Terraform configuration is provided for AWS provisioning:

```bash
cd terraform/
terraform init
terraform plan
terraform apply
```

This creates:
- DynamoDB table with GSIs (pay-per-request billing)
- SQS queues with DLQs for each configured OJS queue
- TTL enabled for automatic cleanup

## Trade-offs vs. Redis/Postgres Backends

### Strengths
- **Fully managed** — no infrastructure to maintain
- **Native DLQ** — SQS dead letter queues with redrive policies
- **Native visibility timeout** — first-class support, no polling needed
- **Auto-scaling** — Standard queues scale to nearly unlimited throughput
- **High durability** — multi-AZ replication by default
- **Pay-per-use** — no idle cost for quiet queues

### Weaknesses
- **Higher latency** — ~20ms enqueue vs ~1ms for Redis
- **256KB message limit** — large payloads need S3 offloading
- **15-minute max delay** — longer scheduling requires state store
- **Max 10 messages per receive** — multiple API calls for large fetches
- **No transactional enqueue** — can't atomically enqueue with app data
- **External state store required** — SQS is opaque for job lifecycle tracking
- **FIFO throughput ceiling** — 3,000 msg/s with batching
- **AWS vendor lock-in** — requires AWS infrastructure

## Performance Targets

| Operation | Target |
|---|---|
| Enqueue | < 20ms p99 |
| Dequeue | < 50ms p99 (excludes wait time) |
| Throughput (Standard) | Nearly unlimited |
| Throughput (FIFO) | 3,000 msg/s with batching |
| Connected workers | Up to 10,000 |

## Conformance Notes

| Level | Support | Notes |
|---|---|---|
| 0 | Full | SQS is a natural fit for basic queue operations |
| 1 | Full | SQS native visibility timeout + DLQ |
| 2 | Partial | `DelaySeconds` for < 15min; state store for longer delays and cron |
| 3 | Full | Workflow step tracking via DynamoDB |
| 4 | Full | Unique jobs via DynamoDB; priority via queue tiers; bulk via `SendMessageBatch` |

## SQS Queue Naming Convention

```
ojs-{queue_name} -- standard queue
ojs-{queue_name}.fifo -- FIFO queue variant
ojs-{queue_name}-dlq -- dead letter queue
ojs-{queue_name}-dlq.fifo -- FIFO dead letter queue
```

## Large Payload Pattern

SQS messages have a 256KB size limit. For larger payloads, store the data in S3 and pass a reference:

```json
{
"type": "video.transcode",
"args": [{"s3_uri": "s3://my-bucket/jobs/payload-12345.json"}]
}
```

The worker reads the full payload from S3 at processing time. This pattern is documented as an OJS extension.

## Observability

### OpenTelemetry

The server supports distributed tracing via OpenTelemetry. Set the following environment variable to enable:

```bash
export OTEL_EXPORTER_OTLP_ENDPOINT=http://localhost:4317
```

Traces are exported in OTLP format over gRPC. Compatible with Jaeger, Zipkin, Grafana Tempo, and any OTLP-compatible collector.
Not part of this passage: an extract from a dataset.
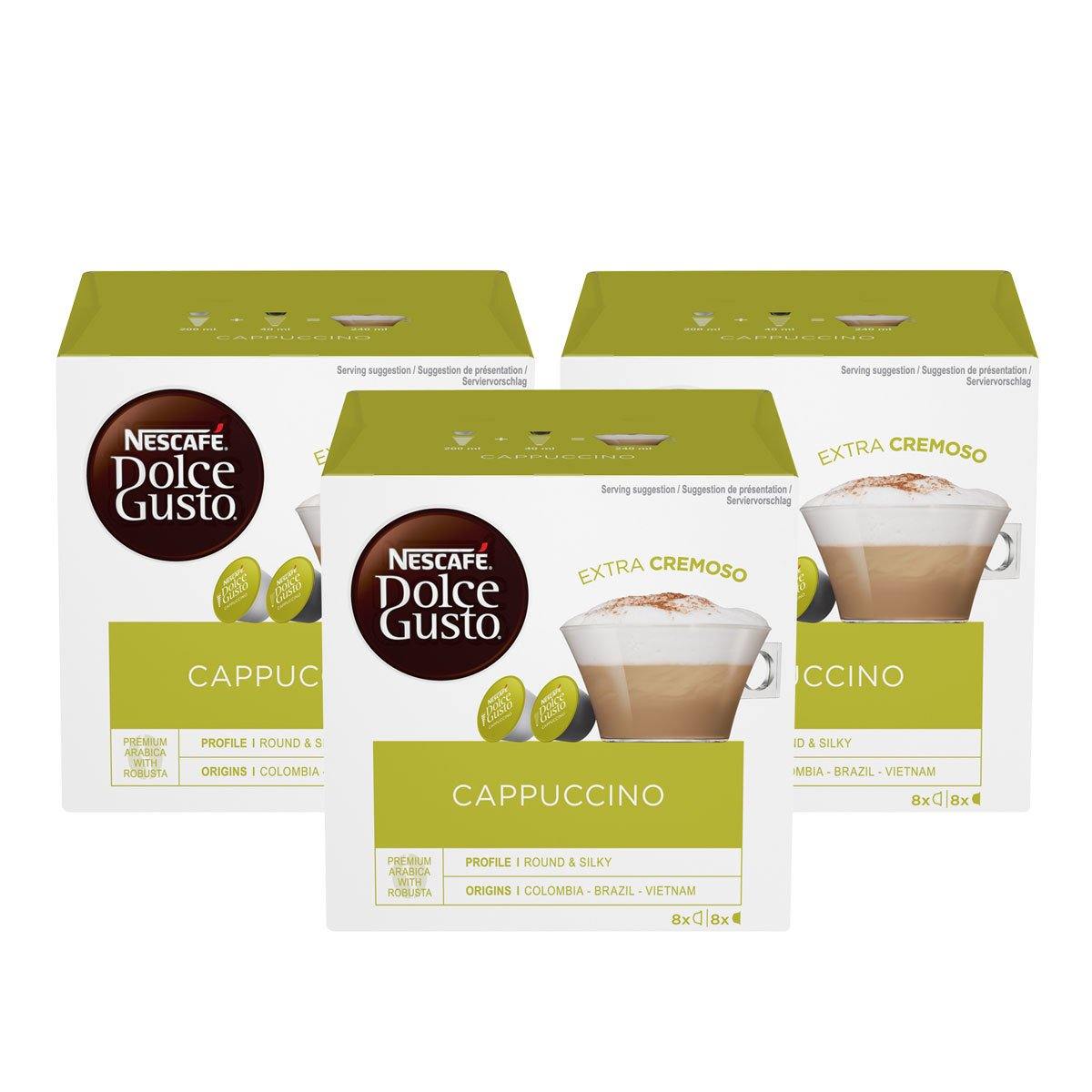 NESCAF Dolce Gusto Cappuccino Extra Cremoso Coffee Pods, (3 x 8) Pack 24 Servings
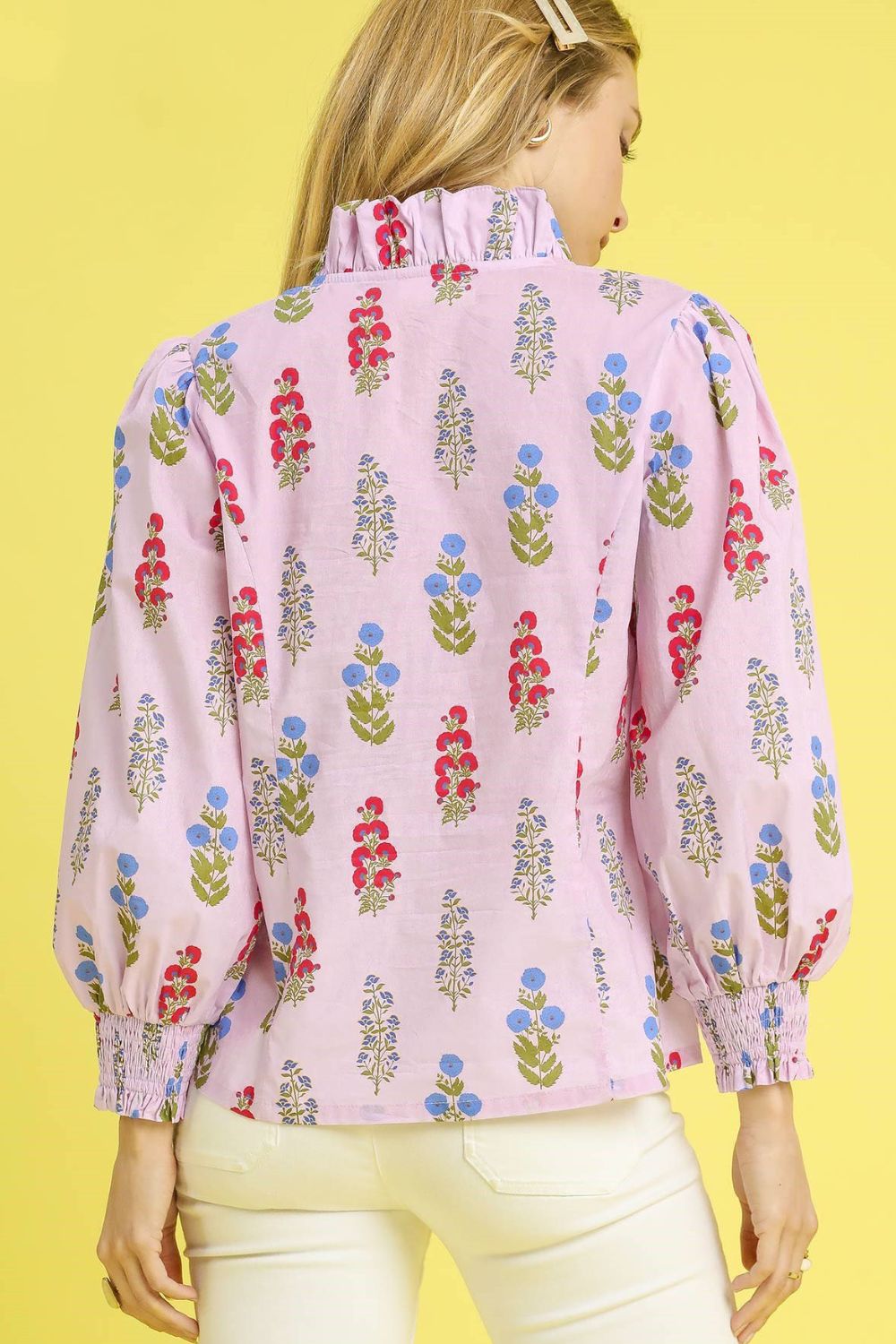 This charming pink blouse features a delightful all-over floral print pattern with vibrant multicolor blooms. The romantic puff sleeves with elastic smocked cuffs create a feminine silhouette, while the button-front closure and classic collar add timeless appeal. Made from lightweight, breathable fabric perfect for spring and summer wear. The relaxed fit ensures comfort while maintaining a polished look, making it ideal for both casual outings and office wear. Pairs beautifully with jeans, skirts, or tailored pants for versatile styling options.

You can also use the legacy env vars `OJS_OTEL_ENABLED=true` and `OJS_OTEL_ENDPOINT` for explicit control.

## Production Deployment Notes

- **Rate limiting**: This server does not enforce request rate limits. Place a reverse proxy (e.g., Nginx, Envoy, or a cloud load balancer) in front of the server to add rate limiting in production.
- **Authentication**: Set `OJS_API_KEY` to require Bearer token auth on all endpoints. For local-only testing, set `OJS_ALLOW_INSECURE_NO_AUTH=true`.
- **TLS**: Terminate TLS at a reverse proxy or load balancer rather than at the application level.

## License

Apache-2.0 — see [LICENSE](LICENSE).